Slides 17–18: Implementation Plan and Evaluation
Provide timeline, metrics (reduction in complaints, improved psychological safety scores, peer-evaluation improvements), and follow-up coaching sessions. Recommend refresher modules and leadership coaching (Salas et al., 2005).
Conclusion
The Office episode exposes classic small-group failures: poor leadership process, inadequate listening, publicizing private issues, and missing norms. A targeted training program—focusing on active listening, clear roles, procedural leadership, confidentiality, and structured conflict resolution—will reduce escalation and improve team effectiveness. Empirical models of team development and psychological safety guide these recommendations (Tuckman, 1965; Edmondson, 1999; Hackman, 2002).
References
- Tuckman, B. W. (1965). Developmental sequence in small groups. Psychological Bulletin, 63(6), 384–399.
- Janis, I. L. (1972). Victims of groupthink. Houghton Mifflin.
- Hackman, J. R. (2002). Leading teams: Setting the stage for great performances. Harvard Business School Press.
- Salas, E., Sims, D. E., & Burke, C. S. (2005). Is there a "big five" in teamwork? Small Group Research, 36(5), 555–599.
- Katzenbach, J. R., & Smith, D. K. (1993). The wisdom of teams. Harvard Business School Press.
- DeVito, J. A. (2019). The interpersonal communication book. Pearson.
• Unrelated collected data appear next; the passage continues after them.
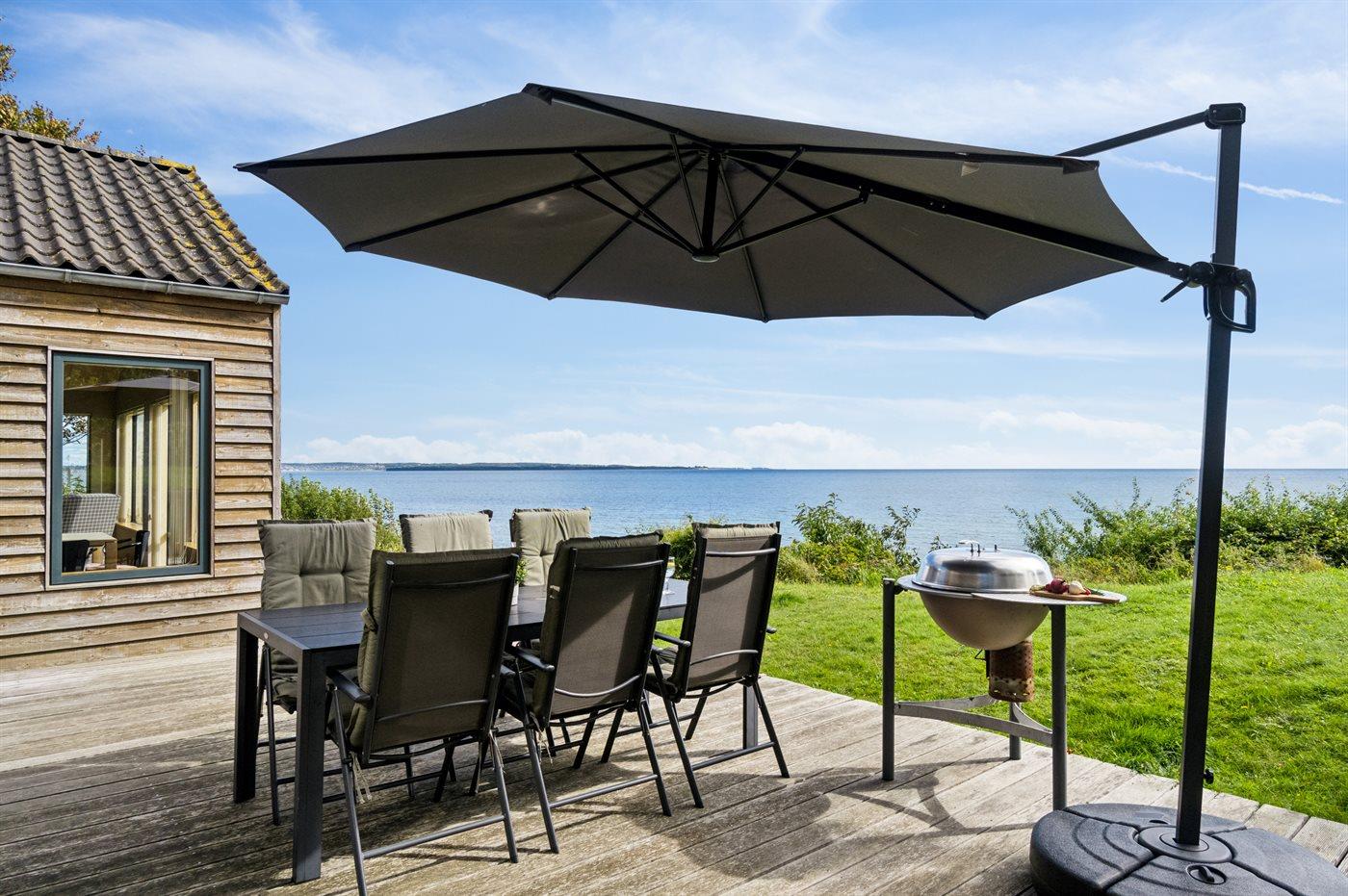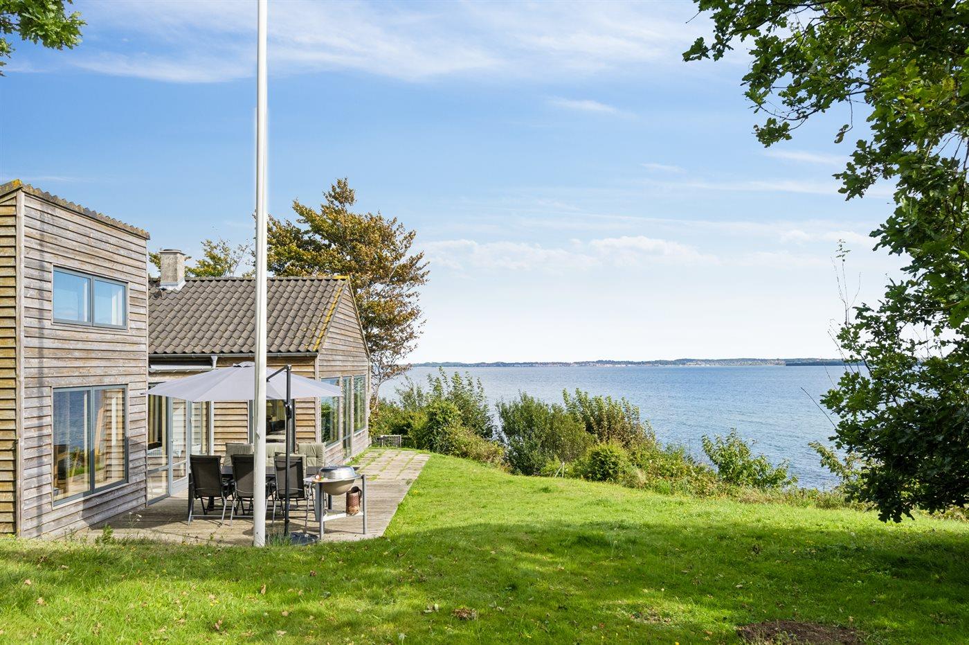 Skønt sommerhus i første række ved Fuglsø Strand med fantastisk havudsigt og egen adgang til sandstrand.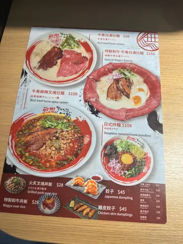 餐厅:无限ラーメン地点:湾仔皇后大道东菜式:日式拉面餐牌:四款拉面、迷你丼饭、小食、饮品特制和牛牛骨白汤拉面 $168特制和牛牛骨白汤拉面卖相一流,一共有9大块和牛围喺碗边,粉嫩又淋,牛味好浓,点少少汤食超正。个奶白色牛骨白汤起嗮白泡,好好饮又唔觉有味精或者油腻,牛味唔错,好厚身又滑溜。其他配料仲有甜甜地好香口既火炙半肥瘦香脆厚切叉烧两块,糖心蛋一开二,扁笋,洋葱碎,葱花同菜苗,材料丰富。面条系幼身,有咬口又有蛋香,好味。牛骨麻辣叉烧拉面 $108呢款牛骨麻辣拉面好特别,汤底一样用牛骨汤但加入麻辣风味,麻辣味劲香,辣得过瘾。其他配料有一件叉烧,肉碎同葱花。好有中式风味。特制和牛丼饭 $28特制和牛丼饭细细碗,饭面加有好多粉嫩和牛片,温泉蛋黄一只同葱花配七味粉。整穿只温泉蛋黄先,捞埋和牛同d饭,和牛汁少少甜甜地,原来加有少少日式芥末,加埋蛋黄汁入口更滑溜。饺子 $45饺子一客5只,皮煎得㶶面,口感又脆又带少少烟韧,咬开入面有肉有菜,点埋枱上面既饺子醋食更加好味!青森苹果汁 $20从来未见过呢款苹果汁包装,好新奇。今餐拉面好正,真心推介牛骨白汤拉面,其他食品质素都好高。餐厅环境干净卫生,坐得都舒服。查看更多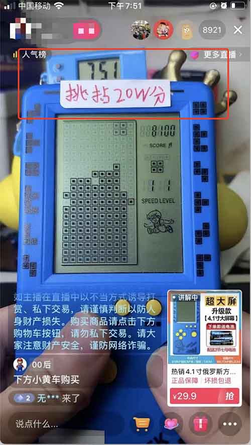 是当时玩得比较多的游戏,当年还有一个MP3,基本人手一个,案例比较简单,买一个游戏机,直播打游戏机,直播挑战,没玩过会关注,怀旧的也会看看,直播间人气比较好,好的时候上万场观。

- Robbins, S. P., & Judge, T. A. (2019). Organizational behavior. Pearson.
- Fisher, R., Ury, W., & Patton, B. (1991). Getting to yes: Negotiating agreement without giving in. Penguin Books.
- Edmondson, A. C. (1999). Psychological safety and learning behavior in work teams. Administrative Science Quarterly, 44(2), 350–383.
- Salas, E., Reyes, D. L., & McDaniel, S. H. (2018). The science of teamwork: Progress, reflections, and the road ahead. American Psychologist, 73(4), 593–600.